L’absence de débats démocratiques


Devenir un monde développé, qui participe à l’éclosion d’une nouvelle civilisation humaine et préserver notre singularité, sont conditionnés par un diagnostic de nos problèmes. Certains considèrent qu’ils sont culturels, qu’il faut revenir à l’ijtihad, sortir des carcans religieux, des traditions fermées, et sclérosées. Lorsqu’on parcourt, comme Ibn Khaldoun, l’histoire dans cette région du monde, on constate que la décadence s’enclenche quand le système est rattaché uniquement à un souverain, un groupe ou une dynastie sans base. La marginalisation des individus et des peuples, l’absence de la prise en compte de leur situation culturelle, économique, sociale, de leurs besoins et aspirations aboutit au sous-développement. Les peuples réalisent leur autonomie relative de décision après une critique en règle des systèmes qui monopolisent les pouvoirs. D’autres affirment avec conviction qu’il faut revenir aux sources, à la voie spirituelle, données qui ont fait la force de nos ancêtres. Certains nous demandent d’imiter l’Occident qui domine le monde sur la base du savoir technique. D’autres enfin prétendent que l’économie est le nerf de la guerre, qu’il faut se remettre au travail. Ces points de vue ont une part de vérité. Mais, il faut se
rendre compte que, premièrement, tous les problèmes se posent en même temps. Une seule dimension ne peut résoudre la question du développement et de la civilisation.
Deuxièmement, la crise est générale, d’abord en Occident dont le modèle marchand s’éprouve en impasse et risque la déshumanisation, malgré des prodigieux progrès. Troisièmement, le point faible des sociétés musulmanes actuelles est politique et son point fort est le fait qu’il dispose d’un texte fondateur incomparable : le Coran. C’est d’injustice que se plaignent les citoyens et non point d’absence de sens, même s’il faut toujours assumer et approfondir sa compréhension. C’est au niveau politique, des libertés fondamentales, de la justice sociale et des rapports entre l’Etat et la société que les réformes décisives attendent d’être menées. L’absence de bonne gouvernance, de participation, de projet de société cohérent pose des problèmes d’avenir. Au centre de ce débat, l’école, la question des élites, celle des compétences et des ressources humaines.

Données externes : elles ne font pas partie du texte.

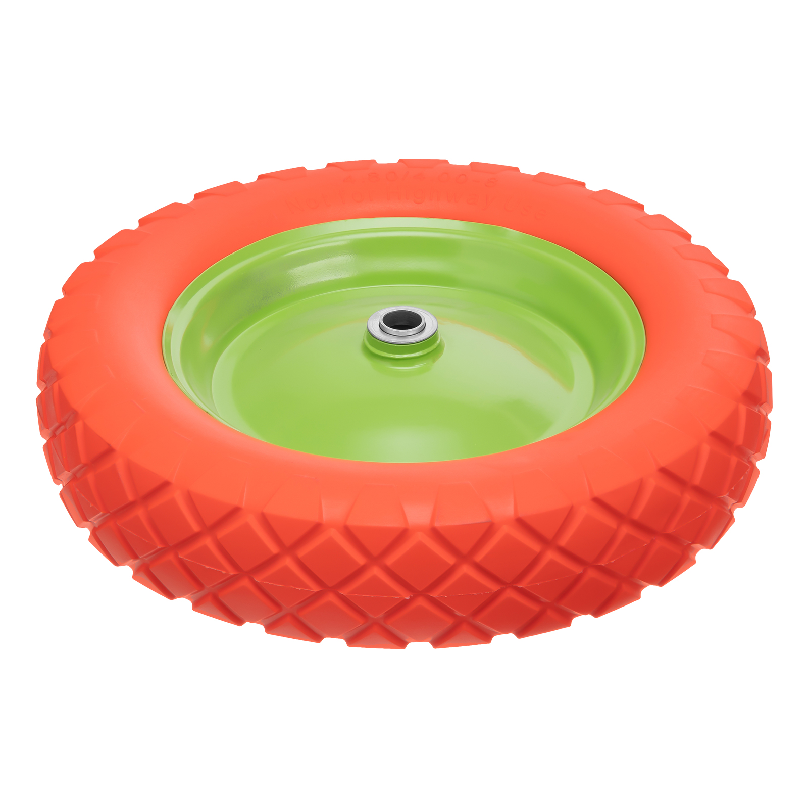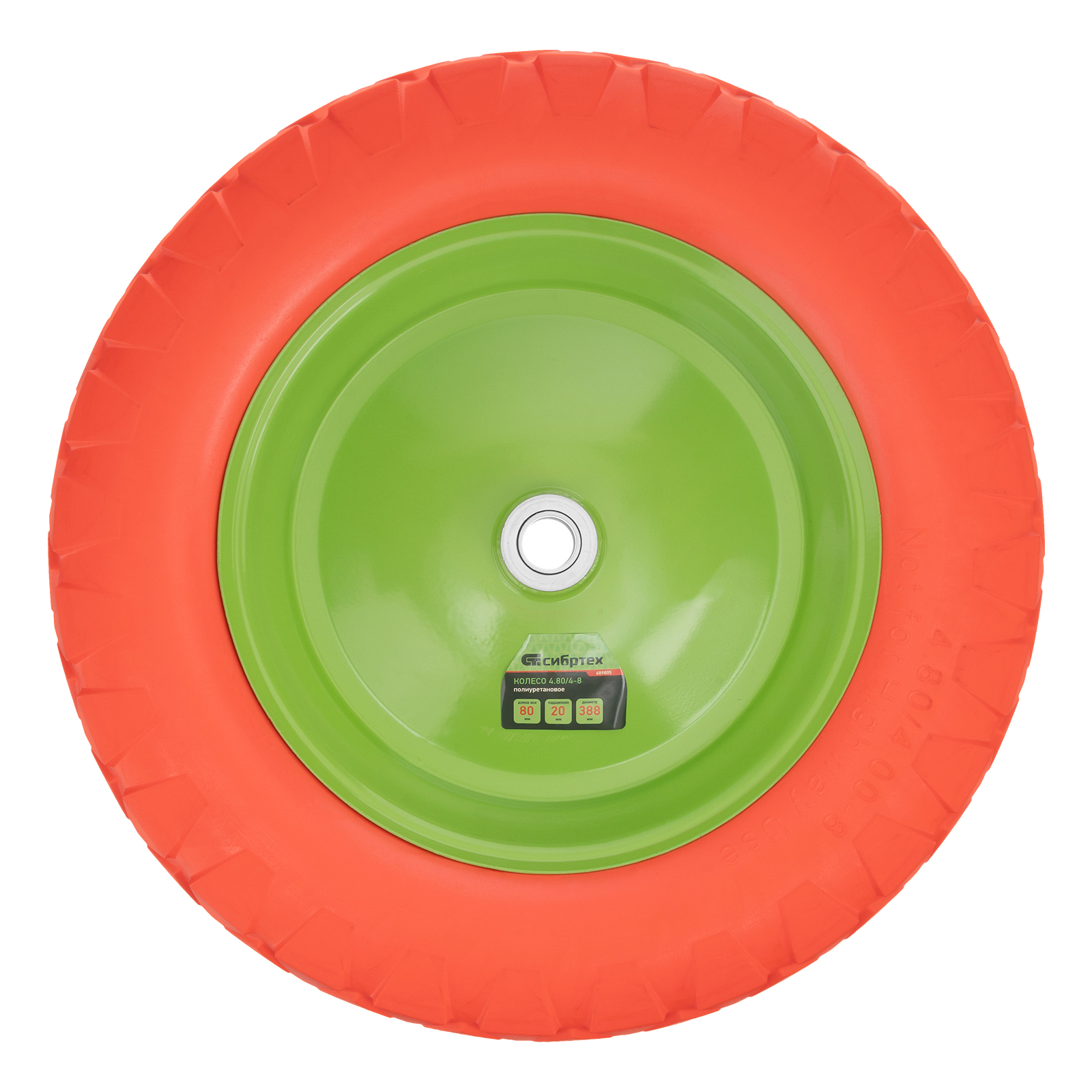 Полиуретановое колесо 4.80/4-8 Сибртех 689805 с длиной оси 80 мм и диаметром подшипника 20 мм — движущий элемент тачки Сибртех 68936. Непрокалываемое колесо подходит для использования в самых жестких условиях. В отличие от пневматических колес не требует подкачки, обслуживания и легко отмывается от грязи.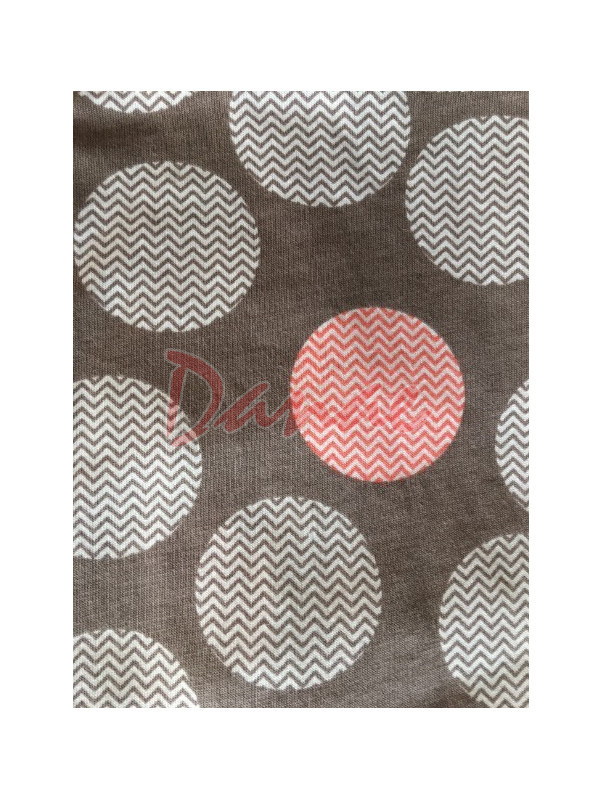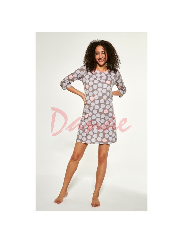 Dámska vzorovaná nočná košeľa - Judie. Dámska nočná košeľa, s trojštvrťovým rukávom. Okrúhly výstrih je s farebnou lemovkou. Dĺžka do pol stehien. Vzor - veľké bodky, dvoch farieb, detail vzoru je na poslednom obrázku.

Tant que l’on craint l’émergence de nouvelles élites, que l’on refuse les débats, on restera dépendants. Soumettre à la volonté de quelques-uns la masse des musulmans est un procédé qui ne peut plus fonctionner. La preuve: les taux d’abstention réels aux «élections» dans la plupart de ces pays. Sortir du sous-développement? C’est évidemment possible, mais cela relève d’une responsabilité collective et nécessite un prix, celui des ruptures et non du changement dans la continuité. L’histoire des musulmans de notre temps est malheureuse dans la mesure, non pas où elle connaît, comme les autres, des avancées et des reculs, mais du fait que la fuite en avant persiste, ne se manifeste pas la possibilité de tirer une leçon des impasses et paralysies. Cette possibilité s’appelle la démocratie. Le désespoir des nouvelles générations, la crise de confiance à l’égard des responsables, et le doute vis-à-vis d’eux-mêmes sont dus à l’absence de débats démocratiques. Même si, ce qui crée l’amalgame, la religion est parfois déformée et utilisée comme un refuge, voire instrumentalisé; la foi reste vivante dans l’immense majorité des cœurs des musulmans, de tous pays et de toutes cultures, reste à bâtir un monde juste.